──────── Data in this exercise ────────

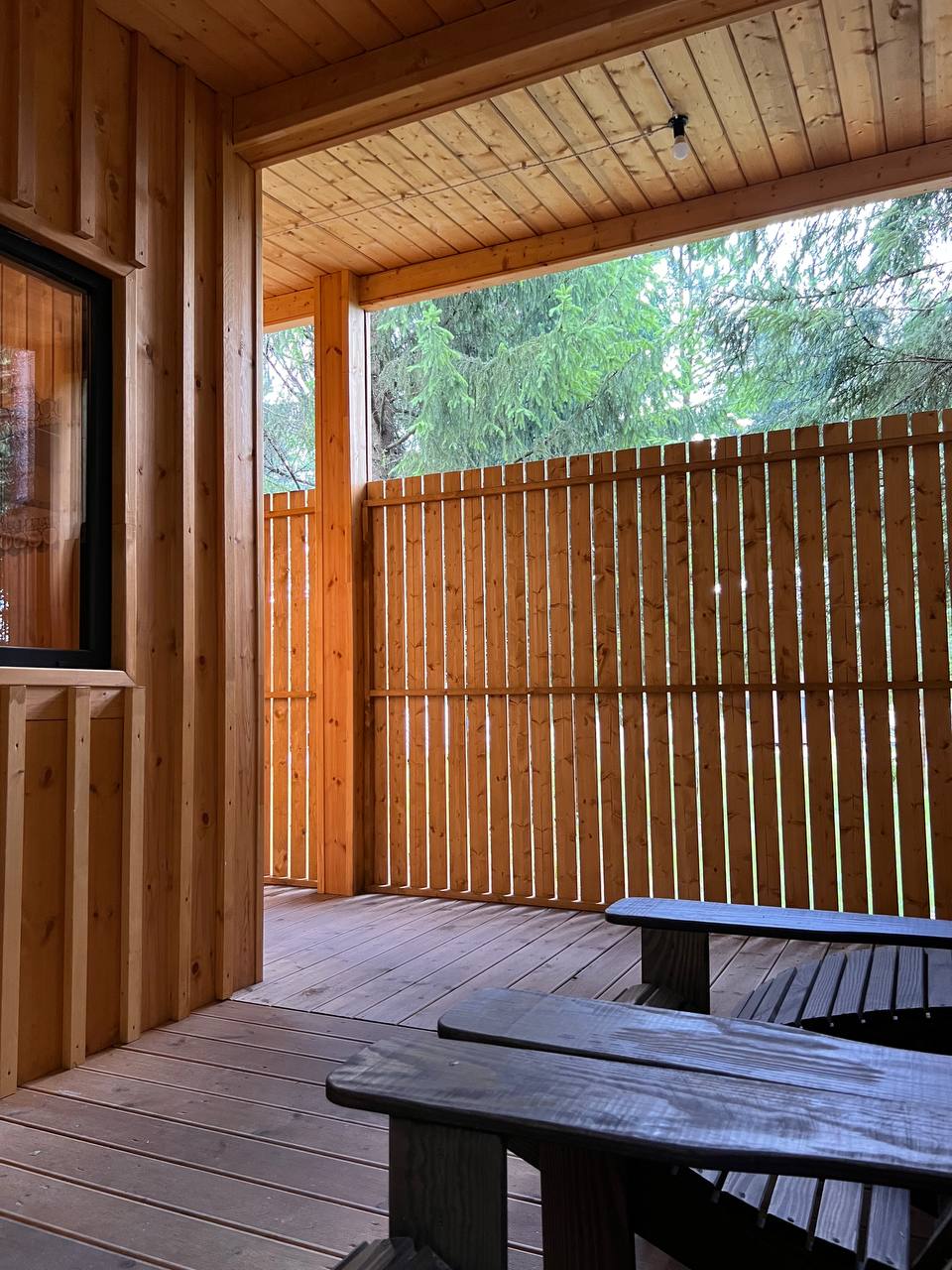 Все дома расположены среди леса — из окон открывается живописный вид, который меняется в зависимости от времени года. Это идеальное место для перезагрузки и отдыха вдали от городского шума.
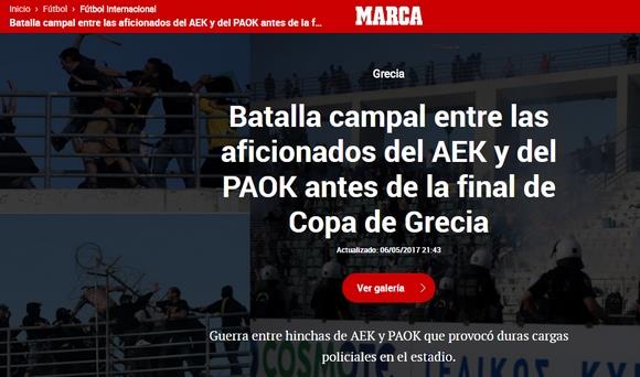 Marca (Ισπανία): "Μάχες μεταξύ οπαδών της ΑΕΚ και του ΠΑΟΚ πριν τον τελικό του Κυπέλλου Ελλάδας"
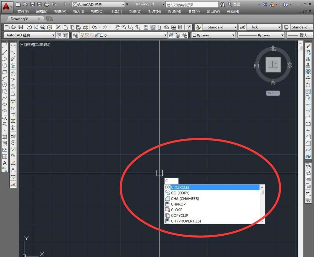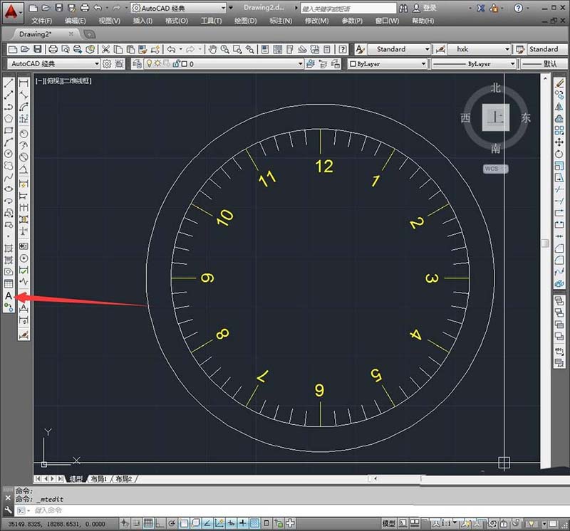 1、表盘的绘制思路是首先绘制两个同心圆做大体,然后利用阵列作出刻度盘,添上数字,最后使用选择做出时针分针。现在我们输入命令“c”来绘制同心圆。
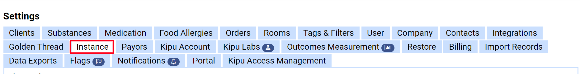 Kipu EMR, Single Instance: Settings > Instance tab, Master Instance: Settings > Company tab, Role: Super Admin
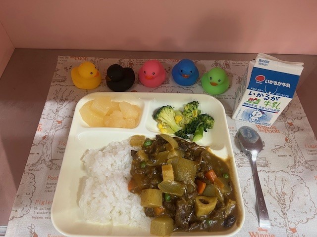 今日は2学期最後の献立にふさわしいカレーライスの日で、子どもたちも大喜び😊
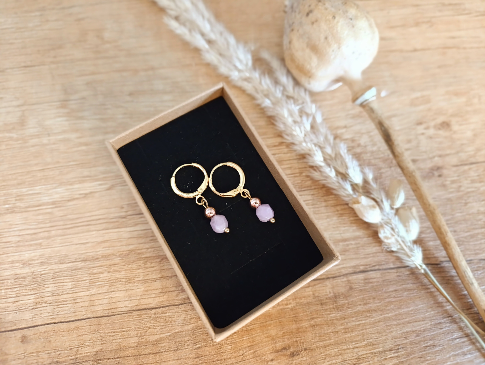 Materiál: Angelit (6 mm), Hematit (4 mm), zapínanie pokované 18 K zlatom
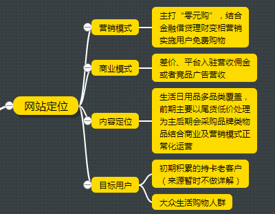 1)营销模式:该电商网站主打“零元购”,结合金融借贷理财变相营销实施用户免费购物
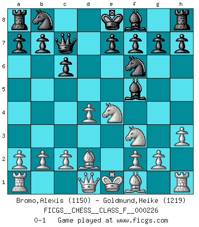 Last move : 0-1 2020 April 24 22:51:28 [Event "FICGS__CHESS__CLASS_F__000226"] [Site "FICGS"] [Date "2020.03.06"] [Round "1"] [White "Bromo,Alexis"] [Black "Goldmund,Heike"] [Result "0-1"] [WhiteElo "1150"] [BlackElo "1219"] 1.e4 d5 2.exd5 Qxd5 3.Nc3 Qa5 4.d4 Nf6 5.Nf3 Bg4 6.h3 Bf5 7.Bd2 c6 8.Ne4 Qc7 0-1 This chess game has been lost on time (started : 2020.03.06 15:54:50) Scandinavian defense, Lasker variation Player Black won this chess game. Follow this game move after move (download)Chess is a sea in which a gnat may drink and an elephant may bathe. (Hindu proverb) Ich möchte Schüler heranbilden, die das Vermögen haben, selbst zu denken und Kritik zu üben. (Emanuel Lasker) Personalmente, yo prefiero mirar hacia el futuro en donde un programa de computadora gane el título mundial de Ajedrez. La humanidad necesita una lección de humildad. (Richard Dawkings) Mais l'homme est une créature légère et illogique : semblable au joueur d'échecs, il n'aime que le processus du but à atteindre, non le but lui-même. (Dostoïevsky) He who defends everything defends nothing. (Frederick the Great)

────────

**Exercise instructions:**
An acceptable answer consists of the lines above from the one holding "1)营销模式:该电商网站主打" to the end of the data, repeated exactly and containing no pictures.

**Completed task:**
 1)营销模式:该电商网站主打“零元购”,结合金融借贷理财变相营销实施用户免费购物
 Last move : 0-1 2020 April 24 22:51:28 [Event "FICGS__CHESS__CLASS_F__000226"] [Site "FICGS"] [Date "2020.03.06"] [Round "1"] [White "Bromo,Alexis"] [Black "Goldmund,Heike"] [Result "0-1"] [WhiteElo "1150"] [BlackElo "1219"] 1.e4 d5 2.exd5 Qxd5 3.Nc3 Qa5 4.d4 Nf6 5.Nf3 Bg4 6.h3 Bf5 7.Bd2 c6 8.Ne4 Qc7 0-1 This chess game has been lost on time (started : 2020.03.06 15:54:50) Scandinavian defense, Lasker variation Player Black won this chess game. Follow this game move after move (download)Chess is a sea in which a gnat may drink and an elephant may bathe. (Hindu proverb) Ich möchte Schüler heranbilden, die das Vermögen haben, selbst zu denken und Kritik zu üben. (Emanuel Lasker) Personalmente, yo prefiero mirar hacia el futuro en donde un programa de computadora gane el título mundial de Ajedrez. La humanidad necesita una lección de humildad. (Richard Dawkings) Mais l'homme est une créature légère et illogique : semblable au joueur d'échecs, il n'aime que le processus du but à atteindre, non le but lui-même. (Dostoïevsky) He who defends everything defends nothing. (Frederick the Great)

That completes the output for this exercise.